Action item =
Your copy should begin with the line containing "剪纸《高君宇与毛泽东》(作者:张月升、辛翠平)封玥婷摄", end with the line containing "Smart Steering |", match the listing below exactly, and contain no pictures.

Exercise data =

────────

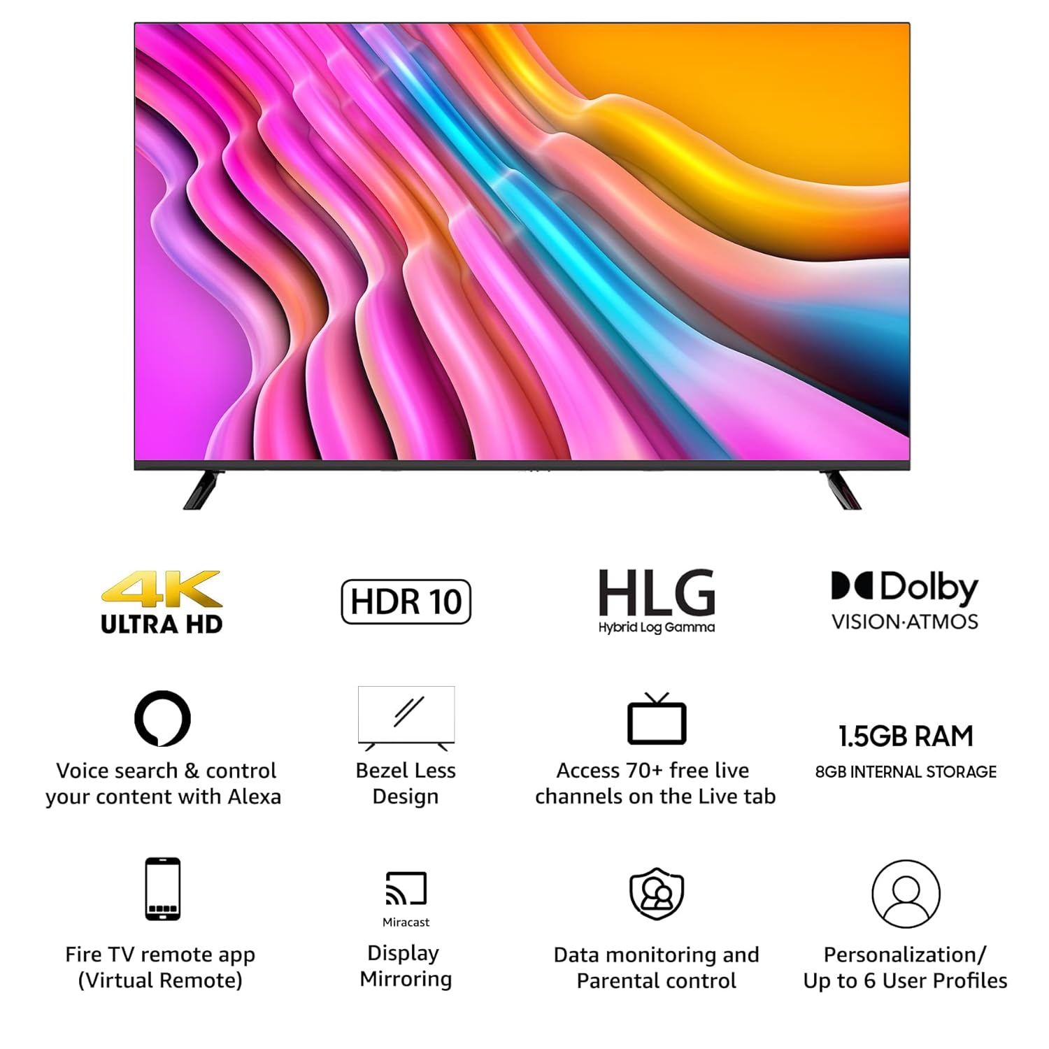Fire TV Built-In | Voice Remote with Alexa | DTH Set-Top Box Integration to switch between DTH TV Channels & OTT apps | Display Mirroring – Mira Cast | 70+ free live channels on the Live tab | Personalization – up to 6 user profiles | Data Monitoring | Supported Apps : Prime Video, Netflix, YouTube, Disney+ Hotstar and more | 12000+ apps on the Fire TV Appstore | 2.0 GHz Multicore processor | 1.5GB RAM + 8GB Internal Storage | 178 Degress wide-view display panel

────────

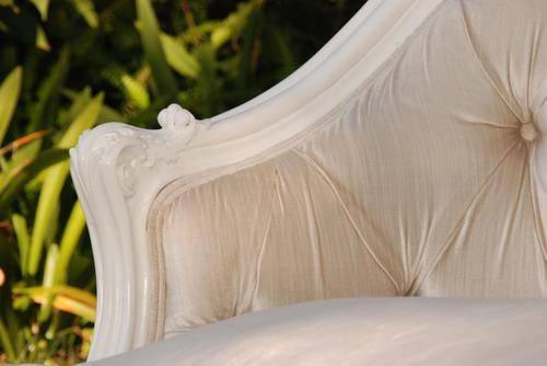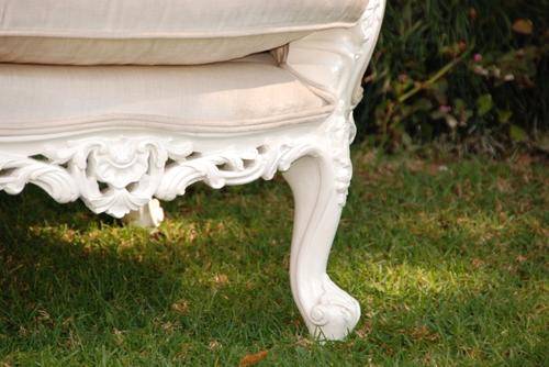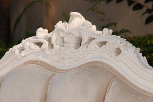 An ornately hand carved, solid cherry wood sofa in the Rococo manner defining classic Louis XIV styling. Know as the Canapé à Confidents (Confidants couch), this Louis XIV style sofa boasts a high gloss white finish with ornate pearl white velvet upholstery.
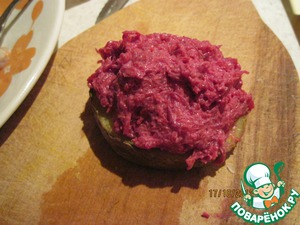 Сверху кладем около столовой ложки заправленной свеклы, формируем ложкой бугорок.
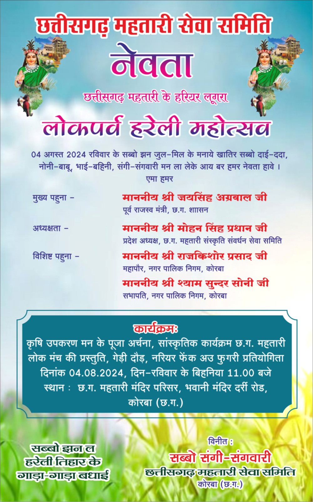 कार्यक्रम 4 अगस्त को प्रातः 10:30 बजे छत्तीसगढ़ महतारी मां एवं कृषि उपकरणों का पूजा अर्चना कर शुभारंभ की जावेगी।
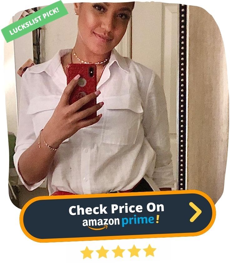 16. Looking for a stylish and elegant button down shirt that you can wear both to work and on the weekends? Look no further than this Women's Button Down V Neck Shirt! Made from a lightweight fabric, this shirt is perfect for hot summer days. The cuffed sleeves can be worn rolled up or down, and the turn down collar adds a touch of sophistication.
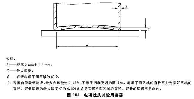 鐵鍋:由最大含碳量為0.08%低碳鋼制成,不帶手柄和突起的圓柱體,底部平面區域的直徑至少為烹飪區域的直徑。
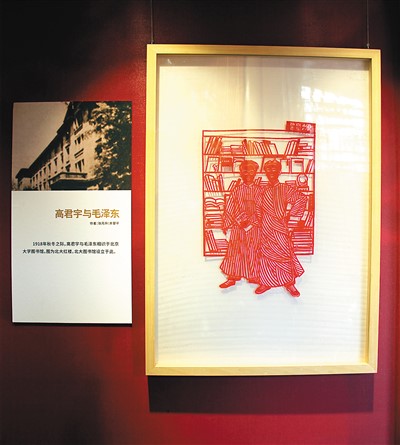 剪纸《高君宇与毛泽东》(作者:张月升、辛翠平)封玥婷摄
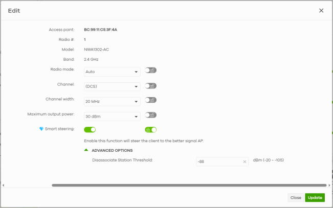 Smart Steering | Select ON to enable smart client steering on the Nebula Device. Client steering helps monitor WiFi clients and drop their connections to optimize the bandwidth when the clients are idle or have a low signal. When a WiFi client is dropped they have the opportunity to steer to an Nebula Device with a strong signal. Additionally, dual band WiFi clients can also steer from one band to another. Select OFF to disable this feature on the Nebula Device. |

────────

Output of the task =
 剪纸《高君宇与毛泽东》(作者:张月升、辛翠平)封玥婷摄
 Smart Steering | Select ON to enable smart client steering on the Nebula Device. Client steering helps monitor WiFi clients and drop their connections to optimize the bandwidth when the clients are idle or have a low signal. When a WiFi client is dropped they have the opportunity to steer to an Nebula Device with a strong signal. Additionally, dual band WiFi clients can also steer from one band to another. Select OFF to disable this feature on the Nebula Device. |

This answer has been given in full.